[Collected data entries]

──────────

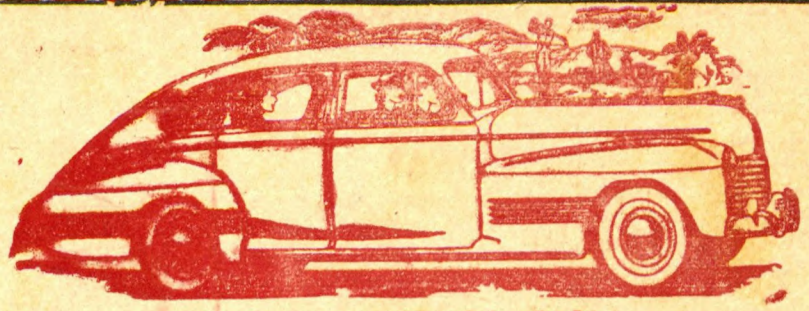
Aqui mostramos um Sport Sedan De 1936 Em 1940 o "PONTIAC" foi o primeiro em linhas, elegancia e distincção. Este ano continua sendo o vanguardeiro no Estile, no Conforto, na Potencia e na Economia.

Analisando-se o Estado Nacional encontramos suas linhas estruturais orientadas no sentido de justaposição ás lindes da Nação brasileira.
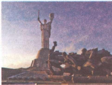
Музей Великої Вітчизняної війни. м. Київ

• Чим розпочалася для вашого краю війна з гітлерівцями? • Чи зачепила його мешканців мобілізація та евакуація військово-господарських ресурсів? • Де проживали і чим
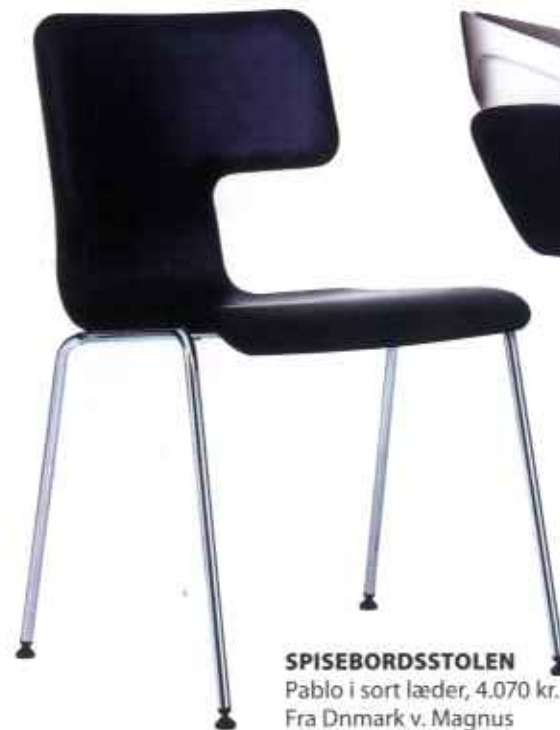
SPISEBORDSSTOLEN Pablo i sort læder, 4.070 kr. Fra Dnmark v. Magnus Olesen A/S.
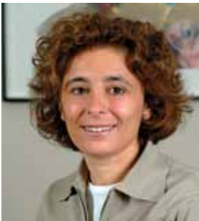
CLAUDIO GROSSMAN Dean, American University Washington College of Law

N OS COMPLACE ANUNCIAR EL PROGRAMA DE ESTUDIOS AVANZADOS EN Derechos Humanos y Derecho Internacional Humanitario de 2013 que se llevará a cabo del 28 de mayo al 14 de junio de 2013 en Washington, DC. El programa ofrecerá 19 cursos, 10 en inglés y 9 en español. Los cursos pueden ser tomados para obtener un Diploma, un Certificado de Asistencia o para créditos académicos.
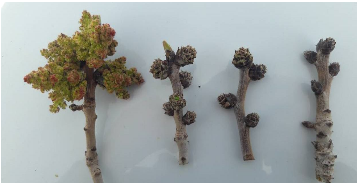
شکل ۱۶. تنوع در زمان گل‌دهی درختان نر موجود در یک باغ کله‌قوچی؛ زمان گل‌دهی درخت نر اول و آخر در این تصویر با گل‌دهی رقم کله‌قوچی مطابقت نداشته و عملاً سهمی در بهبود فرآیند گرده‌افشانی باغ ندارند.
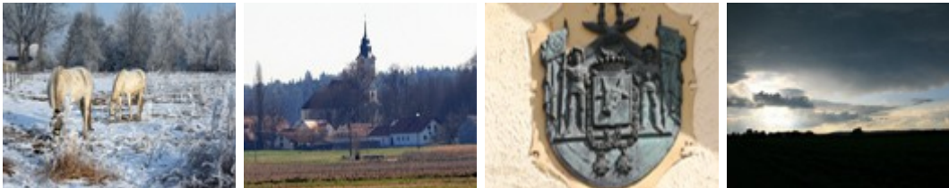
Sandizell mit Asamkirche und Wappen am Schloss

Auf einem gut ausgebauten Feldweg geht es wieder zurück an die Ach. An der Brücke befindet sich ein kleines, altes Donaumoos-Anwesen, der „Hof an der Ach“. Weiter geht die Fahrt nach rechts in Richtung Sandizell . Abstecher zur berühmten Asamkirche und dem Wasserschloss lohnen sich.
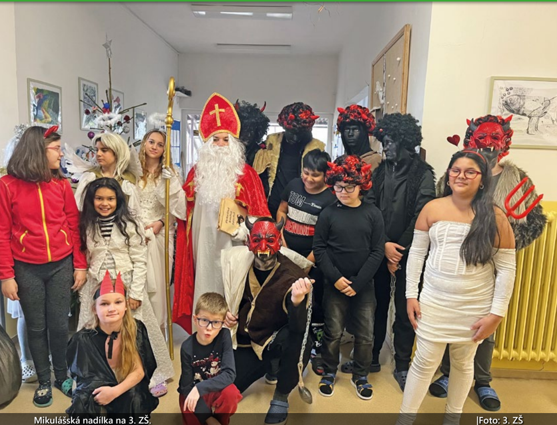
Mikulášská nadílka na 3. ZŠ.
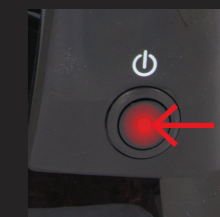
Kaffeemaschine einschalten und Betriebsindikator leuchtet auf.
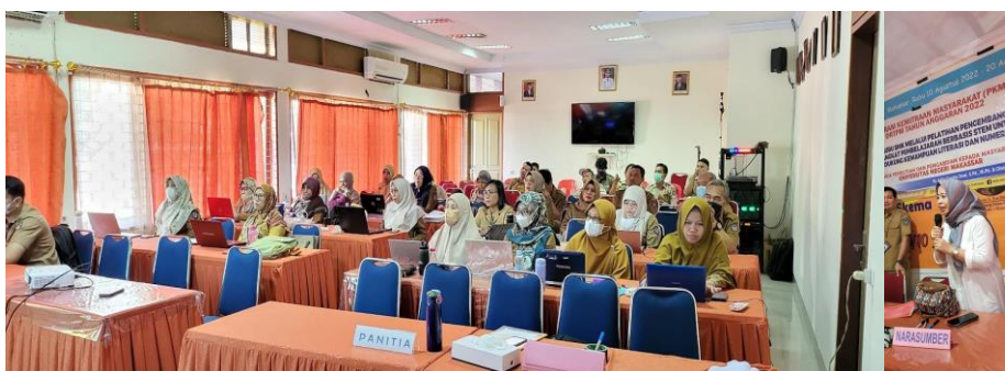
Gambar 1. Kegiatan Pelatihan Pengembangan Perangkat Pembelajaran Berbasis STEM

meningkatkan pemahaman literasi dan numerasi baik secara individu maupun kelompok. Dengan demikian sejalan dengan teori konstruktivis sosial (Slavin, 1994). Gambar 1 menunjukkan proses pendampingan dan pelaksanaan pembelajaran dengan pendekatan STEM pada materi dan topik elektronika dasar yang dilakukan oleh Tim PkM secara berkelompok.
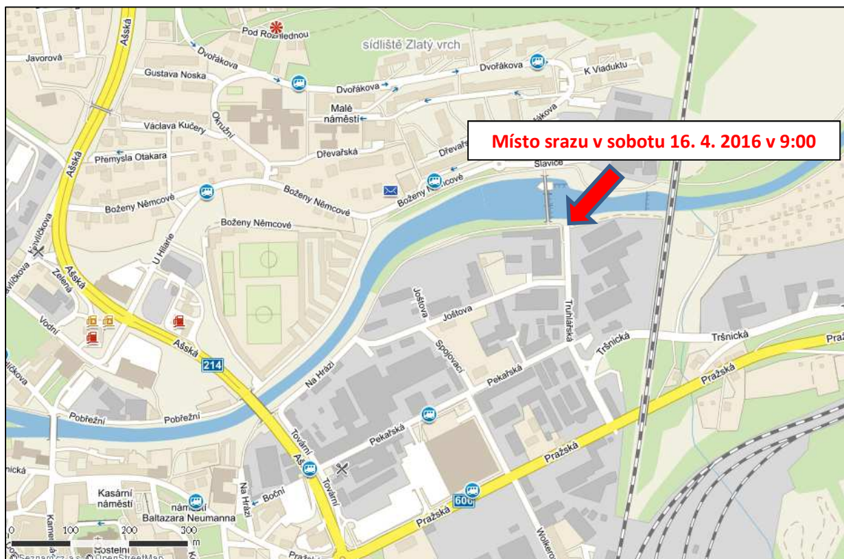
Obrázek 1: Místo srazu v Chebu u Ottova mostu
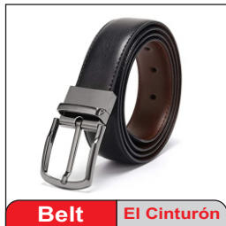
Belt El Cinturón
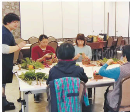
フラワーアレンジメント教室
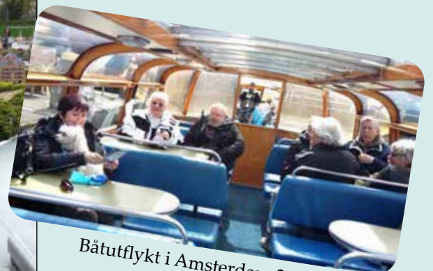
Båtutflykt i Amsterdam 2016
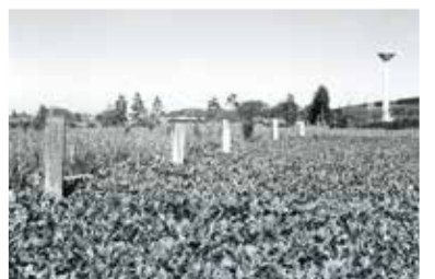
古作に広がる畑。右後方に見えるのは中山競馬場です(昭和30～40年代)
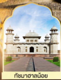
ทัชมาฮาลน้อย
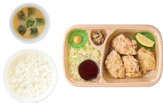
[テイクアウト] 大分とり天 ごはん・みそ汁付 960 円
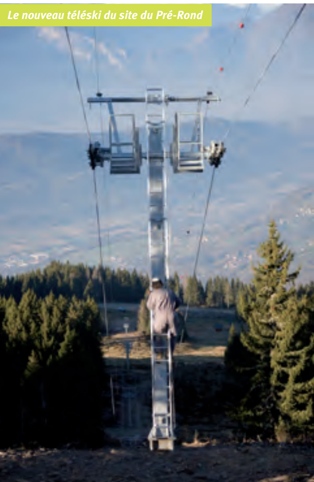
Le nouveau téléski du site du Pré-Rond

──────────

**What this task involves:** The output should consist of every entry above, printed exactly, with the images removed.

**Worked solution:**
Aqui mostramos um Sport Sedan De 1936 Em 1940 o "PONTIAC" foi o primeiro em linhas, elegancia e distincção. Este ano continua sendo o vanguardeiro no Estile, no Conforto, na Potencia e na Economia.

Analisando-se o Estado Nacional encontramos suas linhas estruturais orientadas no sentido de justaposição ás lindes da Nação brasileira.
Музей Великої Вітчизняної війни. м. Київ

• Чим розпочалася для вашого краю війна з гітлерівцями? • Чи зачепила його мешканців мобілізація та евакуація військово-господарських ресурсів? • Де проживали і чим
SPISEBORDSSTOLEN Pablo i sort læder, 4.070 kr. Fra Dnmark v. Magnus Olesen A/S.
CLAUDIO GROSSMAN Dean, American University Washington College of Law

N OS COMPLACE ANUNCIAR EL PROGRAMA DE ESTUDIOS AVANZADOS EN Derechos Humanos y Derecho Internacional Humanitario de 2013 que se llevará a cabo del 28 de mayo al 14 de junio de 2013 en Washington, DC. El programa ofrecerá 19 cursos, 10 en inglés y 9 en español. Los cursos pueden ser tomados para obtener un Diploma, un Certificado de Asistencia o para créditos académicos.
شکل ۱۶. تنوع در زمان گل‌دهی درختان نر موجود در یک باغ کله‌قوچی؛ زمان گل‌دهی درخت نر اول و آخر در این تصویر با گل‌دهی رقم کله‌قوچی مطابقت نداشته و عملاً سهمی در بهبود فرآیند گرده‌افشانی باغ ندارند.
Sandizell mit Asamkirche und Wappen am Schloss

Auf einem gut ausgebauten Feldweg geht es wieder zurück an die Ach. An der Brücke befindet sich ein kleines, altes Donaumoos-Anwesen, der „Hof an der Ach“. Weiter geht die Fahrt nach rechts in Richtung Sandizell . Abstecher zur berühmten Asamkirche und dem Wasserschloss lohnen sich.
Mikulášská nadílka na 3. ZŠ.
Kaffeemaschine einschalten und Betriebsindikator leuchtet auf.
Gambar 1. Kegiatan Pelatihan Pengembangan Perangkat Pembelajaran Berbasis STEM

meningkatkan pemahaman literasi dan numerasi baik secara individu maupun kelompok. Dengan demikian sejalan dengan teori konstruktivis sosial (Slavin, 1994). Gambar 1 menunjukkan proses pendampingan dan pelaksanaan pembelajaran dengan pendekatan STEM pada materi dan topik elektronika dasar yang dilakukan oleh Tim PkM secara berkelompok.
Obrázek 1: Místo srazu v Chebu u Ottova mostu
Belt El Cinturón
フラワーアレンジメント教室
Båtutflykt i Amsterdam 2016
古作に広がる畑。右後方に見えるのは中山競馬場です(昭和30～40年代)
ทัชมาฮาลน้อย
[テイクアウト] 大分とり天 ごはん・みそ汁付 960 円
Le nouveau téléski du site du Pré-Rond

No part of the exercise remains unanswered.